Provided information —
********************

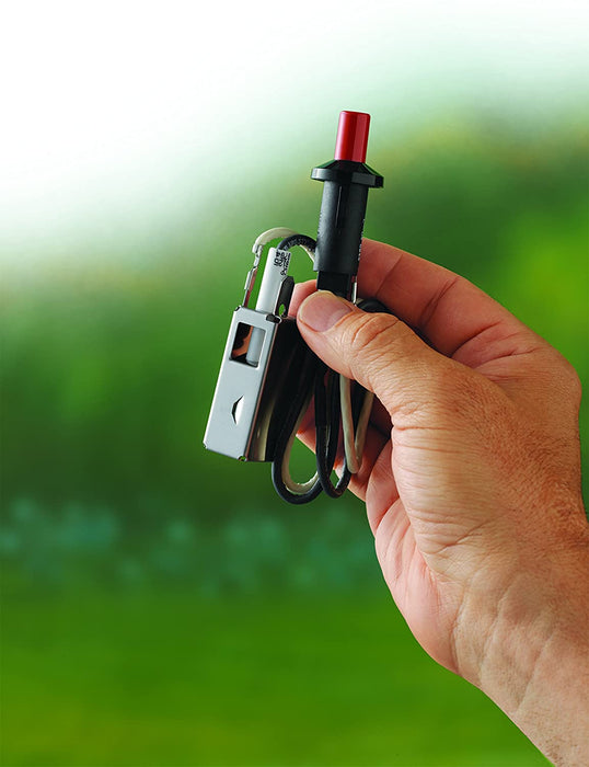 - Kit includes: push-button igniter, gas-catcher ignition chamber, white wire, black wire, and instruction sheet
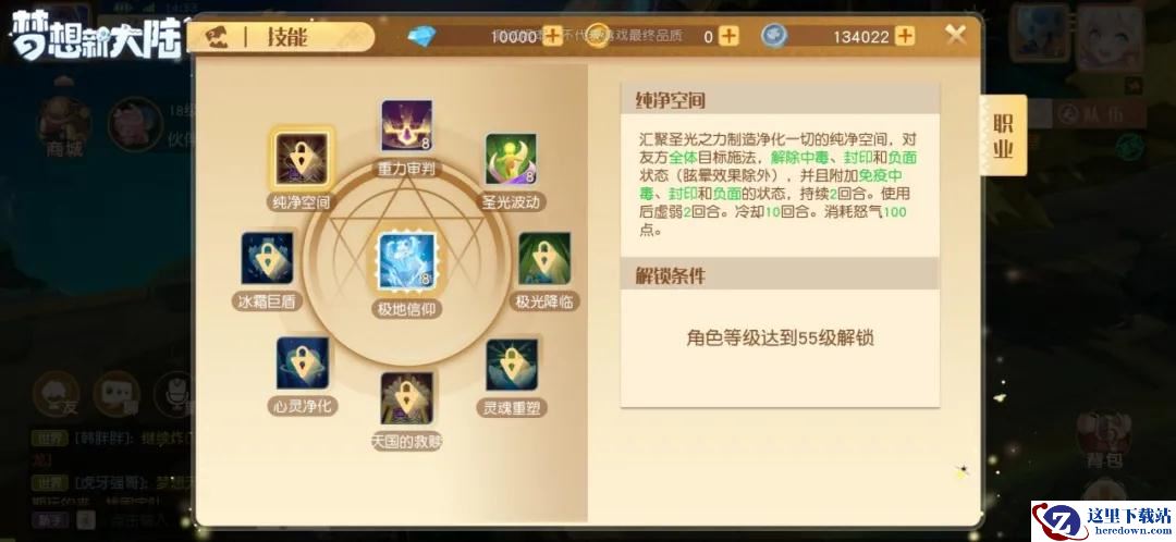 怒气技—纯净空间,神谕召唤净化之圣光,解除全体友方中毒、封印和负面状态,并且附加免疫中毒、封印和负面的状态,圣光将赋予队友勇气和力量,坚定的胜利信念来源于神谕的可靠力量。
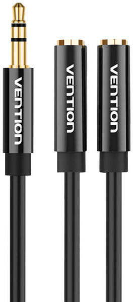 3.5mm male to 2x 3.5mm female stereo splitter 0.3m Vention BBSBY black This compact audio splitter is the perfect solution when you want to listen to music or watch movies with your friend without having to share one headphone. Just plug it into your audio device, and with two 3.5mm female jacks, you can enjoy audio for two. Exceptional sound quality The splitter is designed to maintain the highes
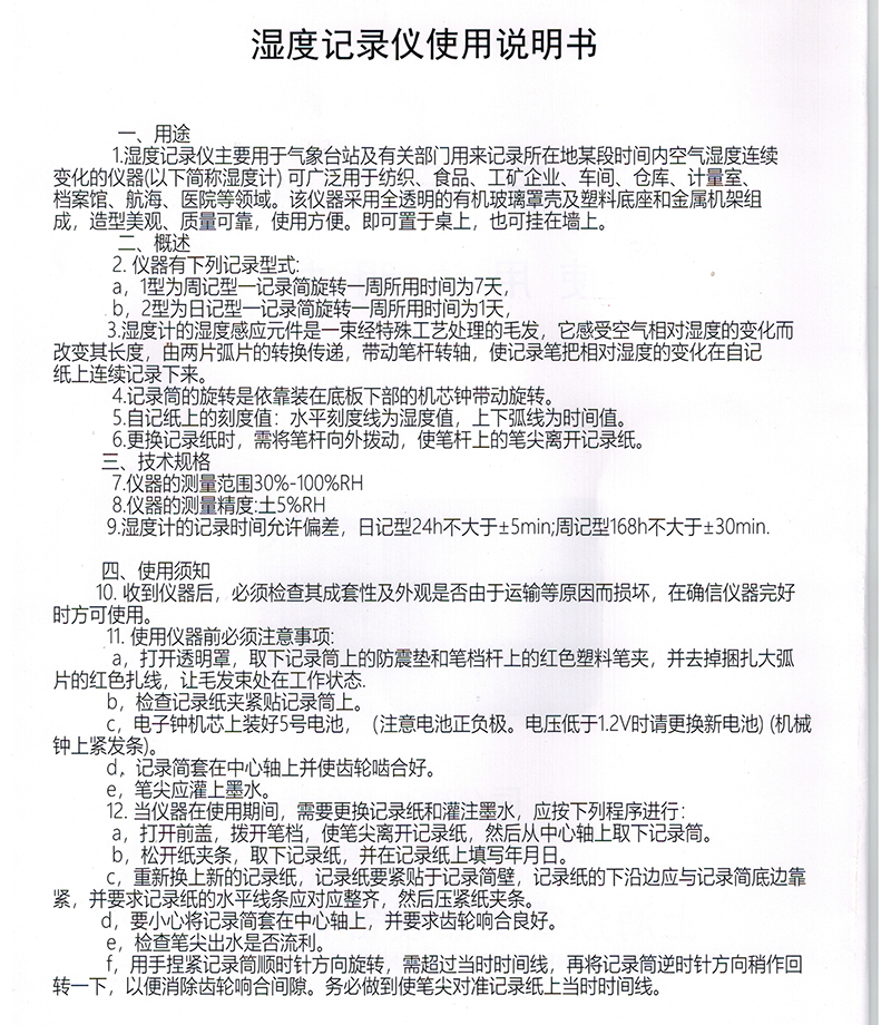4, 日记型气压计的记录时间允许偏差24h不大于±5min;周记型气压计的记录时间允许偏差168h不大于±30min.
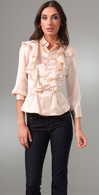 Call me old fashion, but I think this shirt is adorable. The ruffles and silk blend are fetch.
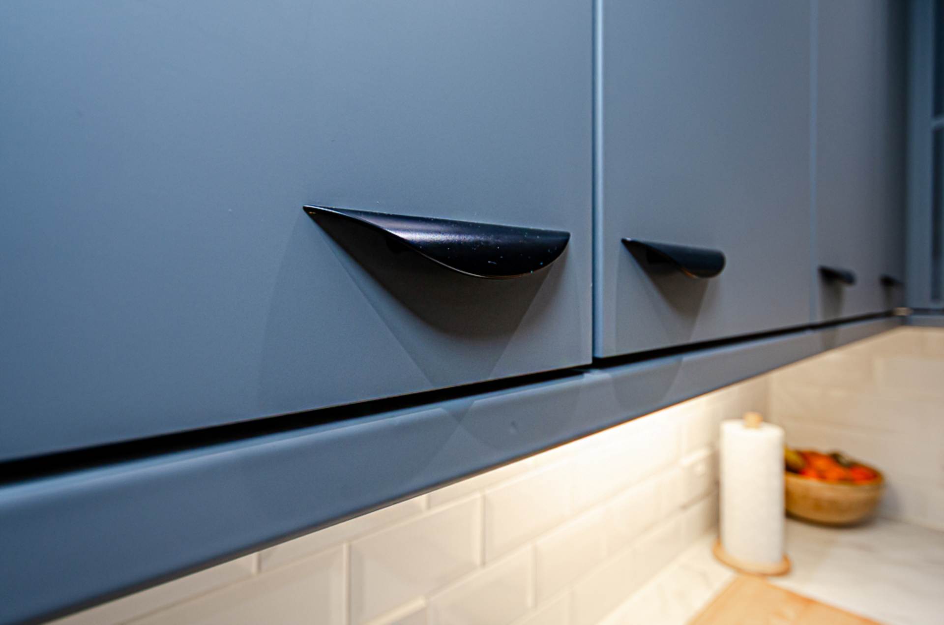 - Modern kitchen in grey finish with integrated appliances

********************

Work task — Transcribe the listing above in full. Pictures are not part of the copy.

Answer for this exercise —
 - Kit includes: push-button igniter, gas-catcher ignition chamber, white wire, black wire, and instruction sheet
 怒气技—纯净空间,神谕召唤净化之圣光,解除全体友方中毒、封印和负面状态,并且附加免疫中毒、封印和负面的状态,圣光将赋予队友勇气和力量,坚定的胜利信念来源于神谕的可靠力量。
 3.5mm male to 2x 3.5mm female stereo splitter 0.3m Vention BBSBY black This compact audio splitter is the perfect solution when you want to listen to music or watch movies with your friend without having to share one headphone. Just plug it into your audio device, and with two 3.5mm female jacks, you can enjoy audio for two. Exceptional sound quality The splitter is designed to maintain the highes
4, 日记型气压计的记录时间允许偏差24h不大于±5min;周记型气压计的记录时间允许偏差168h不大于±30min.
 Call me old fashion, but I think this shirt is adorable. The ruffles and silk blend are fetch.
 - Modern kitchen in grey finish with integrated appliances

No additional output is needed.